## Data for this exercise
>>>

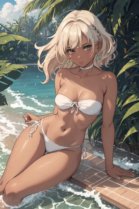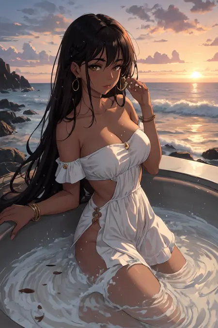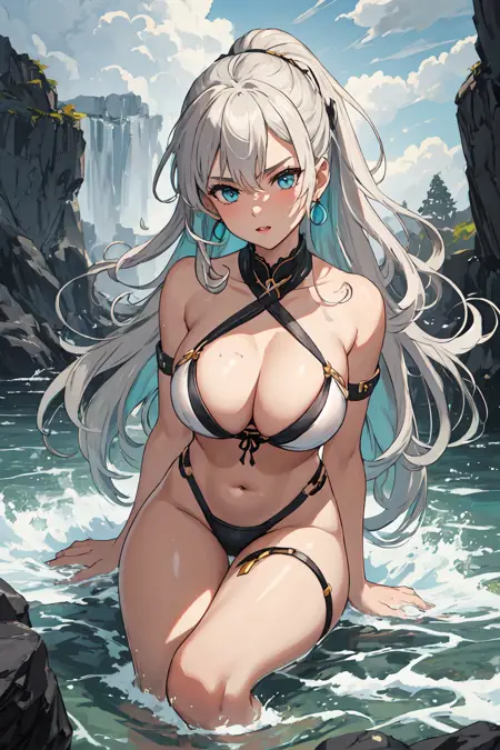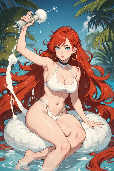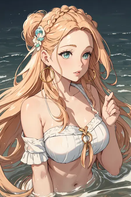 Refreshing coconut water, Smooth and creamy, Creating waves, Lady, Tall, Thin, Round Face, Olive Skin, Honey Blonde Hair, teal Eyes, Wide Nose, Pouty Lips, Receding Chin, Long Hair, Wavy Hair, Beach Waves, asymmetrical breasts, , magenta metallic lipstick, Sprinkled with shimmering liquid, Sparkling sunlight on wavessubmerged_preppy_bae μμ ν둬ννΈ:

<<<
>>>

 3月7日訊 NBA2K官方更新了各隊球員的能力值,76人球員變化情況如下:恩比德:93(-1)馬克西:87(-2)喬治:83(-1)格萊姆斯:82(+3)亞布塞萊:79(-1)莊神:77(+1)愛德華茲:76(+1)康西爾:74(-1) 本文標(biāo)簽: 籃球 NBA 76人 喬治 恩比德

<<<
>>>

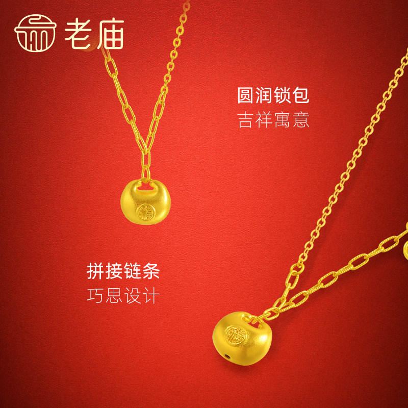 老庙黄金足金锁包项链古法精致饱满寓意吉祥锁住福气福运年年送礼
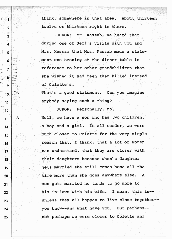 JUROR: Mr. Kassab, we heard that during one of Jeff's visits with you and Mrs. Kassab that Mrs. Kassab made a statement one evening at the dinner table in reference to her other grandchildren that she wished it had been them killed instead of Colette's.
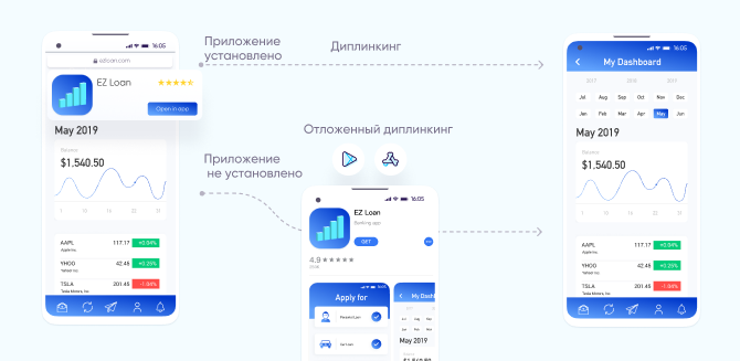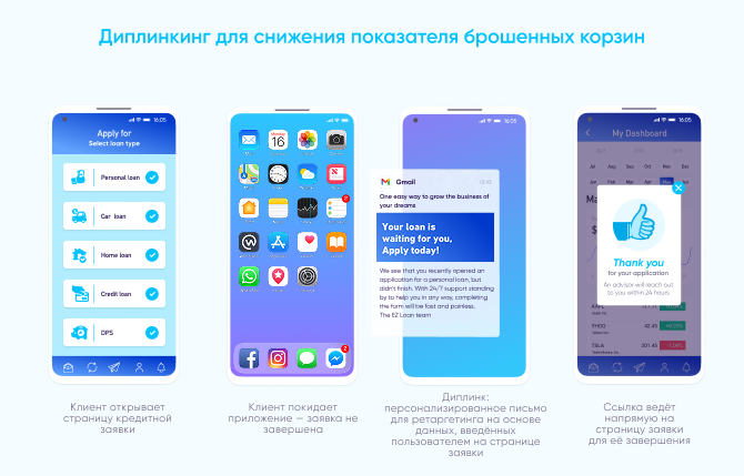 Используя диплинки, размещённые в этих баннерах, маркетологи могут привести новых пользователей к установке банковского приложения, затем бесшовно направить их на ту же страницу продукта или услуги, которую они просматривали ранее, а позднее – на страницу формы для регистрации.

<<<

## Exercise directions
From the data above, retype only the lines starting with the line with "JUROR: Mr. Kassab, we" and going on through the line with "Используя диплинки, размещённые", exactly, leaving out the pictures.

## Expected output
 JUROR: Mr. Kassab, we heard that during one of Jeff's visits with you and Mrs. Kassab that Mrs. Kassab made a statement one evening at the dinner table in reference to her other grandchildren that she wished it had been them killed instead of Colette's.
 Используя диплинки, размещённые в этих баннерах, маркетологи могут привести новых пользователей к установке банковского приложения, затем бесшовно направить их на ту же страницу продукта или услуги, которую они просматривали ранее, а позднее – на страницу формы для регистрации.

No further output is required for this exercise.